Evaluating Style-Personalized Text Generation: Challenges and Directions
Anubhav Jangra, Bahareh Sarrafzadeh, Silviu Cucerzan, Adrian de Wynter, Sujay Kumar Jauhar
TL;DR
This work critically evaluates how style-personalized text generation is measured, introducing a style-discrimination benchmark across eight datasets and three evaluation settings (domain, authorship, and LLM personalization). It compares traditional n-gram metrics, style-embedding approaches, and LLM-based judges, revealing that single metrics often underperform and correlations with human judgments are weak, especially in LLM-driven scenarios. The study demonstrates that ensembles of diverse metrics consistently outperform individual evaluators, with performance gains from majority voting and performance-weighted voting across settings.
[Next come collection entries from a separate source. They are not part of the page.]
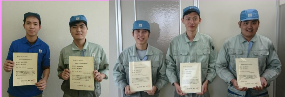
ヅ チュウ ヒュー タイン ホアン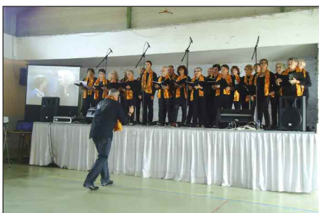
Chorale Brin de chants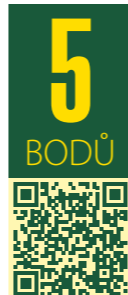
Batož BOLL Ranger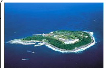
エクシブ初島クラブ

全国 41 箇所の施設のご利用が可能です (リゾートピア・サンメンバーズ・トラスティを含む)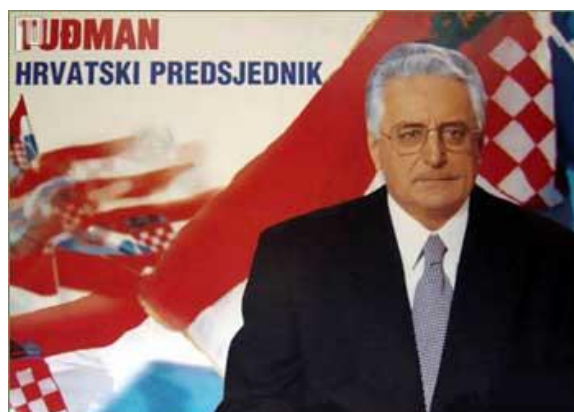
Slika 3: Predizborni plakat Franje Tuđmana iz 1997. godine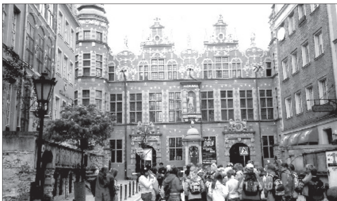
Atjaunotā Polijas pilsēta Gdaņska.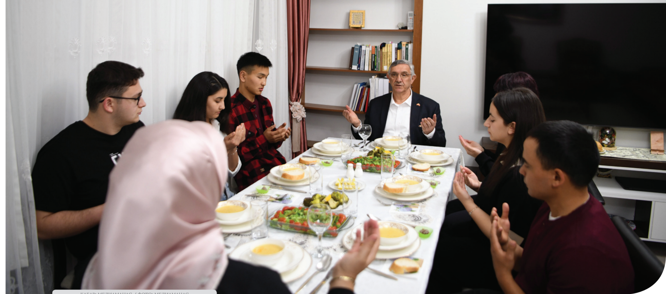
КАБАР: МЕДИАМАНАС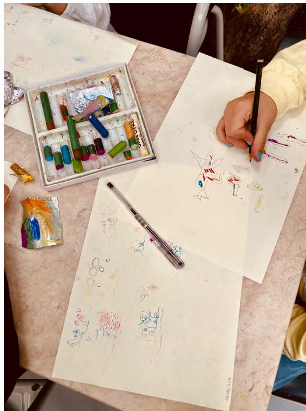
Imagem 10 – desenho a pastel de óleo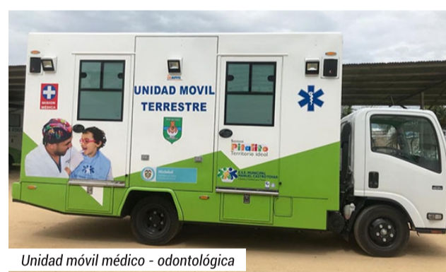
Unidad móvil médico - odontológica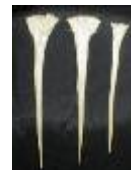
ต้น และ แปรงสีฟันจากกิ่งหนามโกทา

ในภาคใต้ถือว่ามะพร้าว ( Cocos nucifera L.) เป็นไม้มงคลและควรปลูกไว้ทางทิศตะวันออก ด้วยความเชื่อว่ามีเมื่อดูปลูกไว้บริเวณบ้าน จะทำให้ไม่มีการเจ็บไข้และอยู่เย็นเป็นสุข ส่วนประเพณีอาบน้ำศพของชาวไทยมุสลิมภาคใต้ พืชที่ใช้อาบน้ำศพได้แก่ ใบพุทรา ใบมะลิ หรือใบข่อย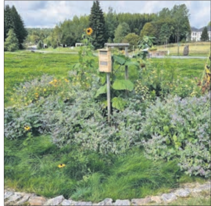
Karsten Röttschke: Umgestaltung der „Halde 42“ des früheren Uranerzbergbaus zum Landschaftspark: Erschaffung eines Baumerlebnis-Pfades, Anschaffung Wasserauffangbehälter und Regentonnen, Bau eines Geräteschuppens, Stadt Johanngeorgenstadt.

In diesem Jahr 2023 wurde im Rahmen des Ehrenamtsbudgets erstmals das Kommunale Bürgerbudget aufgenommen, dass zur Umsetzung lokaler Projekte aus niederschwelligem bürgerschaftlichen Beteiligungsverfahren dienen soll. Die im Haushaltsjahr 2023 durch den Freistaat Sachsen zur Verfügung gestellten Mittel betragen rund 38.500 Euro und wurden durch den Erzgebirgskreis auf insgesamt 40.000 Euro aufgestockt. Gemäß der vorliegenden Fachempfehlung vergab der Erzgebirgskreis in Abstimmung mit den kreisangehörigen Kommunen die Fördermittel aus dem kommunalen Bürgerbudget unmittelbar an die Antragsteller und hatte dazu ein entsprechendes Verfahren aufgelegt. Einige Beispiele zeigen die Fotos dieses Artikels.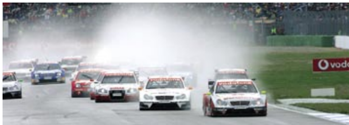
Start zum Finale der Deutschen Tourenwagen Masters Ende Oktober 2005 in Hockenheim.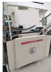
樓梯附掛式 輪椅升降臺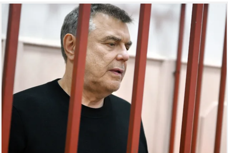
Sacharov za mřížemi

To znamená, že za 10 dní, včetně těch ze Stavropolu, bylo zatčeno přes 15 úředníků různých úrovní. Od regionálních ministrů až po vrcholové manažery státních korporací. Ačkoli Dmitrij Sergejevič Peskov řekl, že zadržování je běžná práce, která má stále velký rozsah, není to ani zdaleka „běžná práce“. Zkorumpovaní úředníci jsou vybíráni v dávkách a jsou vytahováni z dlouho zavedených klanových, blízkostátních skupin organizovaného zločinu, včetně těch nedotknutelných.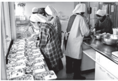
「食事サービス」 安否確認をかねて高齢者へ 手作りのお弁当を届けます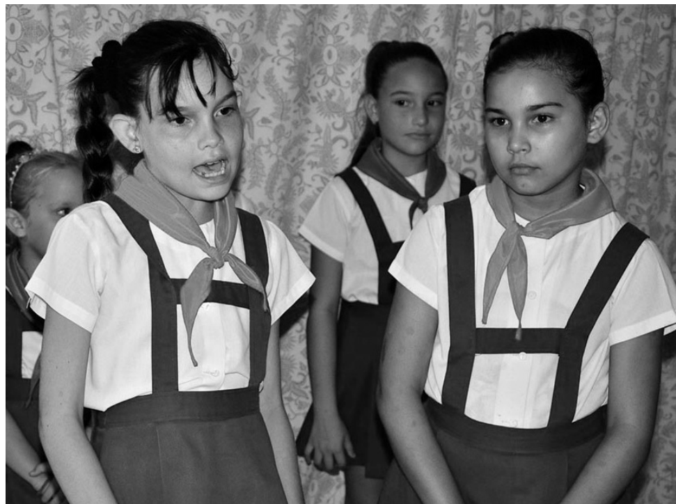
Algunos de los niños que integran los talleres se convierten luego en estudiantes de las escuelas de arte.

Según reza en su misión, las Casas de Cultura son instituciones encargadas de generar de manera permanente procesos de desarrollo cultural, destinado a la preservación, transmisión y fomento de las muestras artísticas y culturales propias de la comunidad. Valga apuntar que de recuperar el funcionamiento de los talleres de repentismo en la provincia también depende que las Casas de Cultura sigan cumpliendo no algunos, sino todos sus objetivos fundacionales en pos de las tradiciones y la identidad cultural, puntales que marcan destinos sensibles de la nación cubana.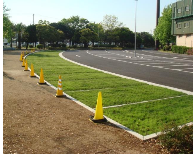
▲平成26年 和歌山県 紀三井寺公園(野球場)駐車場施工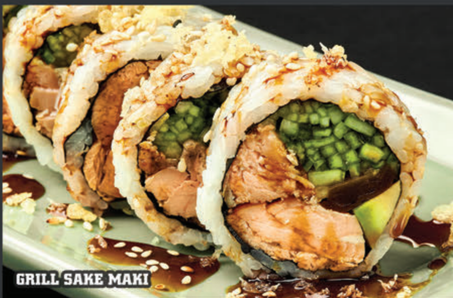
GRILL SAKE MAKI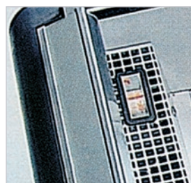
Parte anterior: - perfil portaprecios. - termómetro.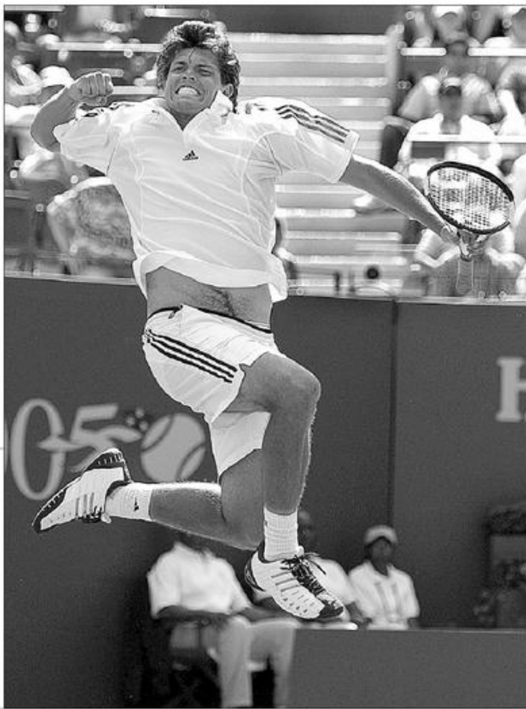
Taylor Dent, một trong những bốn niềm hy vọng còn lại của Mỹ trong giải đơn nam, vui mừng nhảy cẫng lên sau trận thắng Nicolas Almagro người Tây Ban Nha, 6-3, 6-2, 4-6, 7-5.

Các đấu thủ Mỹ không chỉ bị loại khỏi giải đơn nam. Tính chung giải Mỹ Mở Rộng, theo thống kê của ban tổ chức, Mỹ có 41 đấu thủ tham gia, nay chỉ còn 8. (H.N.V.)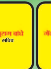
अनुराज चौधे सचिव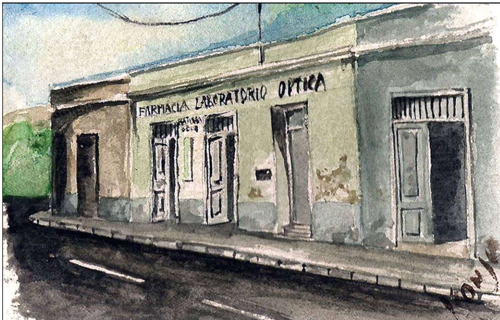
Antigua pintura con la fachada de la Farmacia Batista de Güímar.

En 1953 ya tenía prácticamente terminados sus estudios, por lo que se hizo la orla con sus compañeros de promoción de la Complutense, pero se le atravesaron dos asignaturas, que tuvo que cursar posteriormente en la Universidad de Granada, donde concluyó su carrera en febrero de 1955; y el 16 de marzo inmediato se le expidió en Madrid el título de Licenciada en Farmacia, siendo la primera güimarera que lo obtenía.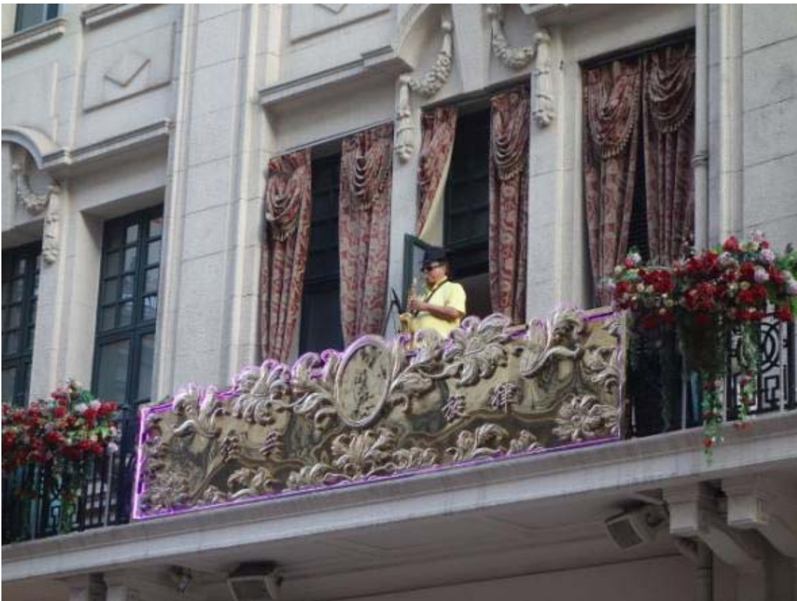
난징동루의 불거리 중 하나인 거리공연으로 다양한 프로그램이 운영됨

It also reveals nuanced insights into prompting strategies for LLM judges, limitations of LLM-based evaluation, and substantial human agreement variability, arguing for more robust, pragmatic metrics tailored to SPTG rather than dataset-driven benchmarks.
Abstract
With the surge of large language models (LLMs) and their ability to produce customized output, style-personalized text generation--"write like me"--has become a rapidly growing area of interest. However, style personalization is highly specific, relative to every user, and depends strongly on the pragmatic context, which makes it uniquely challenging. Although prior research has introduced benchmarks and metrics for this area, they tend to be non-standardized and have known limitations (e.g., poor correlation with human subjects). LLMs have been found to not capture author-specific style well, it follows that the metrics themselves must be scrutinized carefully. In this work we critically examine the effectiveness of the most common metrics used in the field, such as BLEU, embeddings, and LLMs-as-judges. We evaluate these metrics using our proposed style discrimination benchmark, which spans eight diverse writing tasks across three evaluation settings: domain discrimination, authorship attribution, and LLM-generated personalized vs non-personalized discrimination. We find strong evidence that employing ensembles of diverse evaluation metrics consistently outperforms single-evaluator methods, and conclude by providing guidance on how to reliably assess style-personalized text generation.